*Your task*. Extract, word for word, each line from the line holding "SIZE AND FIT" through the end of the records. Omit every picture.
====== Data provided
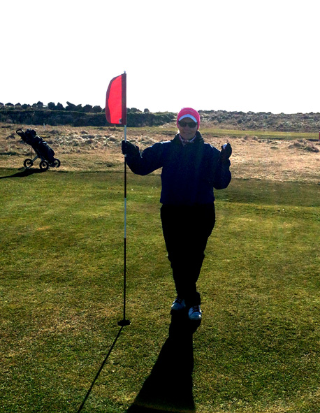 Kristín Dagný Magnúsdóttir, GR, við 15. holu í Sandgerði eftir draumahöggið! Mynd: GSG
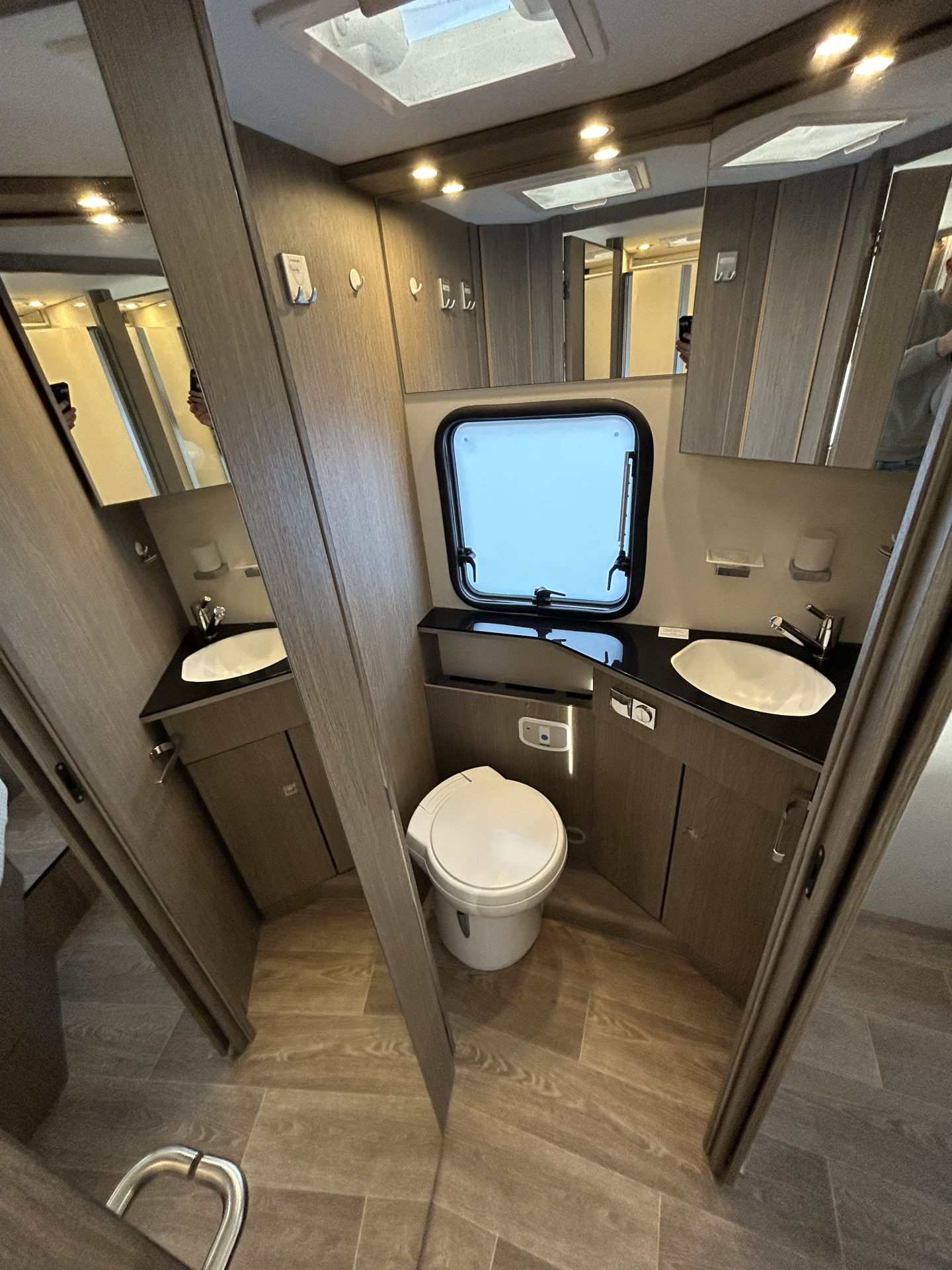 Je camper is standaard uitgerust met een nieuwe toiletset, inclusief toiletbril en cassette. Dit garandeert optimale hygiëne en comfort, zodat je zorgeloos kunt genieten van je reis!
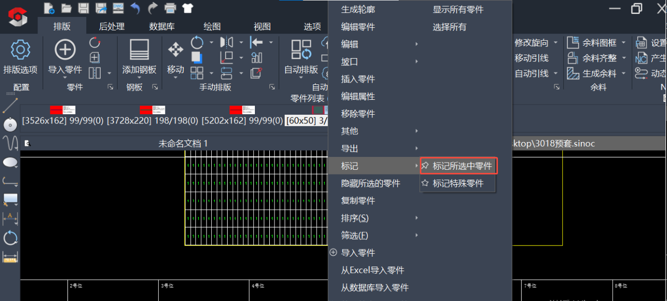 原先的操作方式(二)在SinoCAM智能套料软件中,还有一种快速定位所选零件的方法,那就是“标记所选中零件”功能。
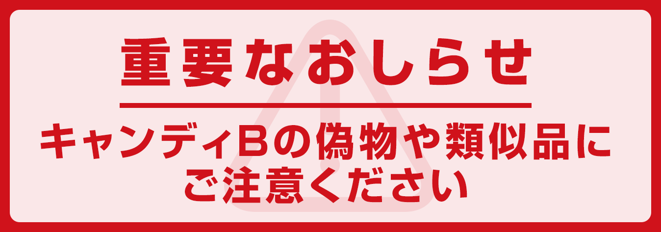 CANDY Bをお買い求めの際は、必ず弊社CANDY Bストアもしくは弊社認定の正規販売店・正規取扱店にてご購入くださいますようお願い申し上げます。
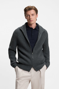 SIZE AND FIT The model wears a size M and is 6'2" tall with a, 36" chest, 29" waist and 36" hips. DETAILS Layer in luxury with the soft rib and wool-cashmere blend of this relaxed BECKHAM x BOSS cardigan. Two-way front zip. BECKHAM x BOSS brings effortless style with timeless and elevated statement pieces, inspired by David’s wardrobe. Relaxed fit Neckline: Stand collar Long sleeves Standard length Hilustre_DB - 50554340 QUALITY & CARE INSTRUCTIONS Reduced Dry Clean Do Not Bleach Iron Low Heat Do Not Tumble Dry Cold, gentle machine wash; reduced spin speed. Material: 90% Virgin wool, 10% Cashmere
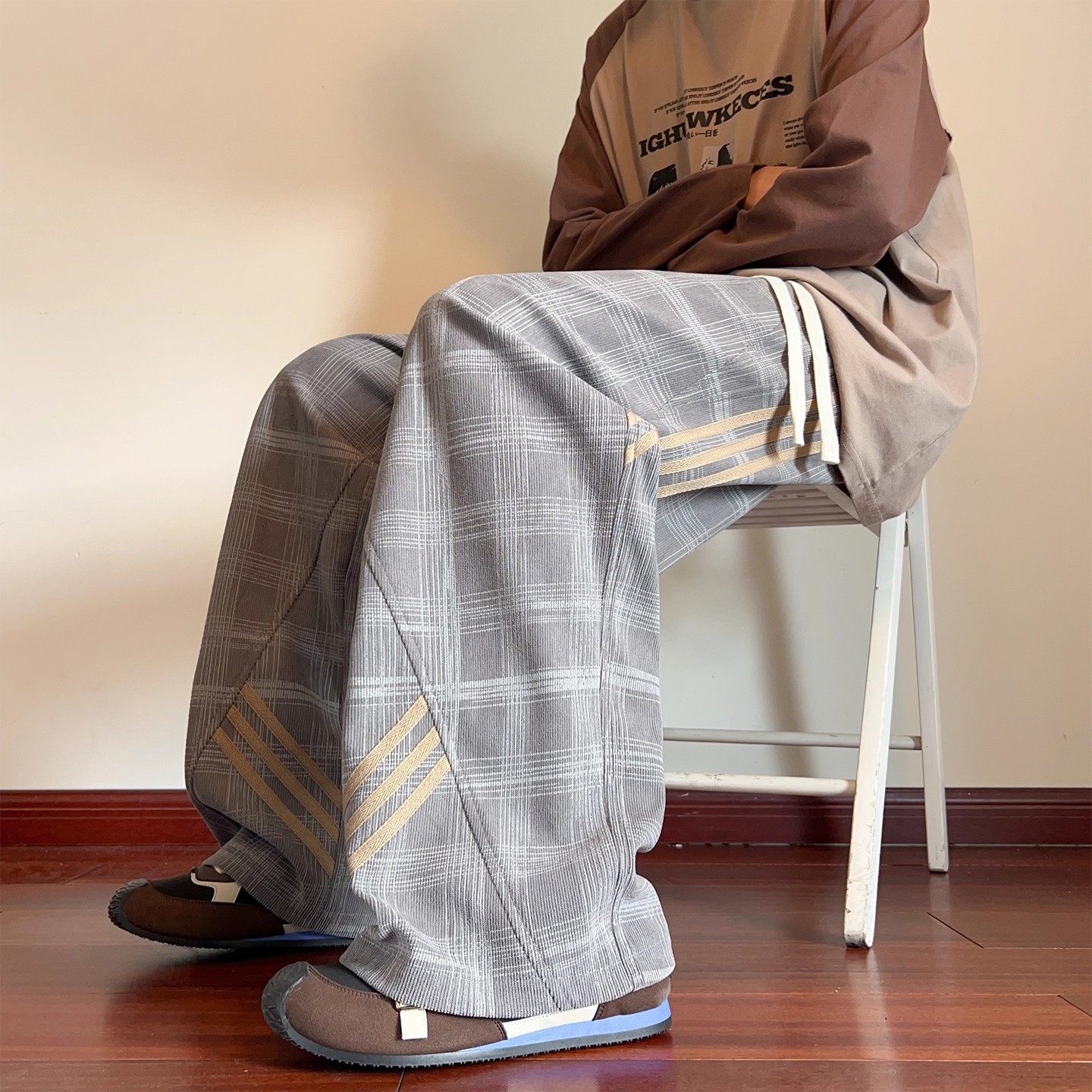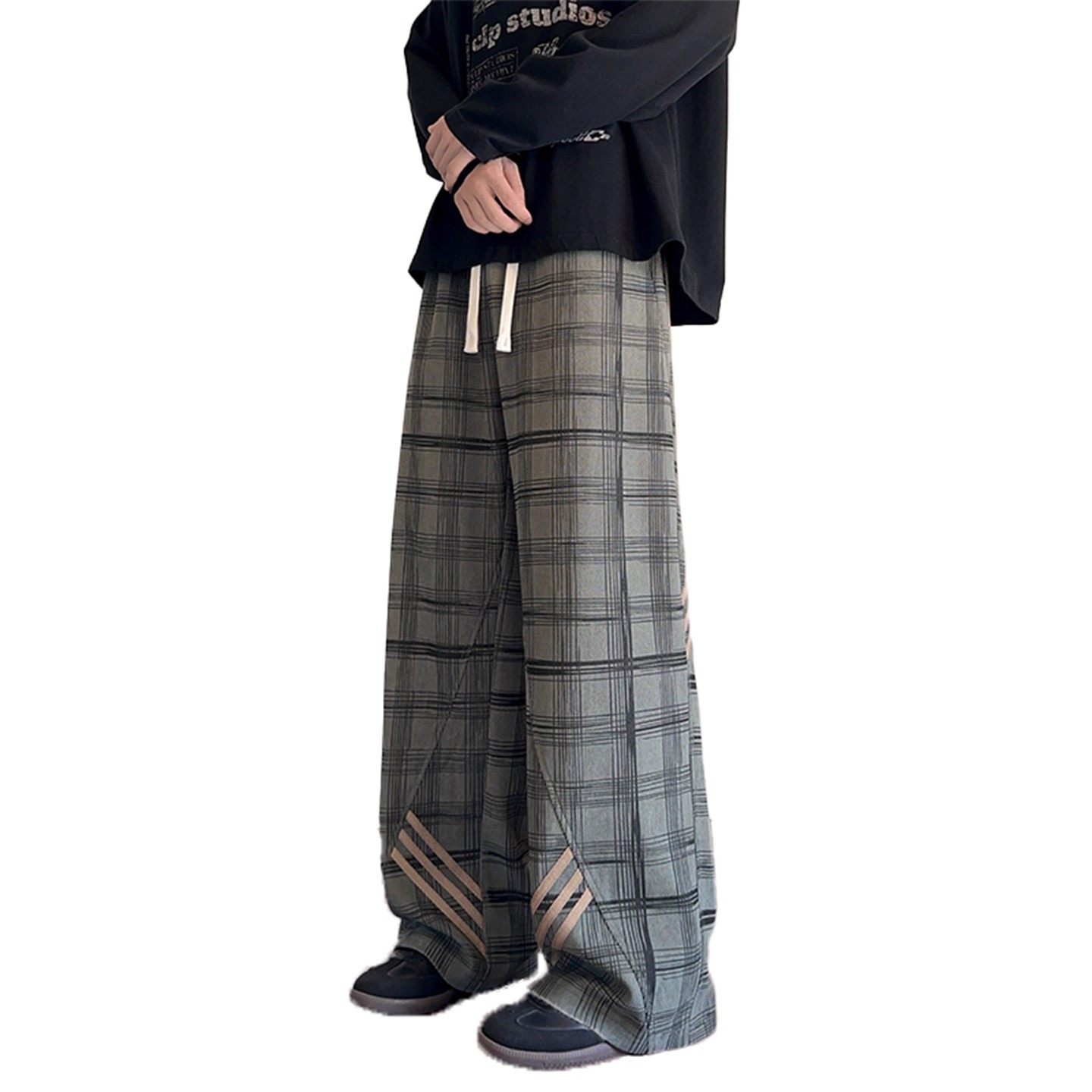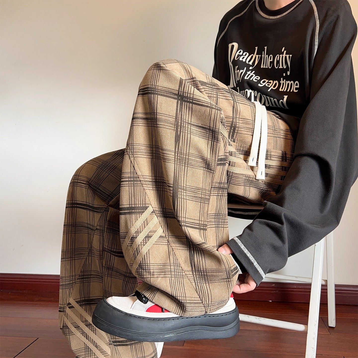 灯芯绒条纹加绒格子裤女秋冬美式休闲裤子宽松直筒大码阔腿运动裤
============
*Your solution*.
 SIZE AND FIT The model wears a size M and is 6'2" tall with a, 36" chest, 29" waist and 36" hips. DETAILS Layer in luxury with the soft rib and wool-cashmere blend of this relaxed BECKHAM x BOSS cardigan. Two-way front zip. BECKHAM x BOSS brings effortless style with timeless and elevated statement pieces, inspired by David’s wardrobe. Relaxed fit Neckline: Stand collar Long sleeves Standard length Hilustre_DB - 50554340 QUALITY & CARE INSTRUCTIONS Reduced Dry Clean Do Not Bleach Iron Low Heat Do Not Tumble Dry Cold, gentle machine wash; reduced spin speed. Material: 90% Virgin wool, 10% Cashmere
 灯芯绒条纹加绒格子裤女秋冬美式休闲裤子宽松直筒大码阔腿运动裤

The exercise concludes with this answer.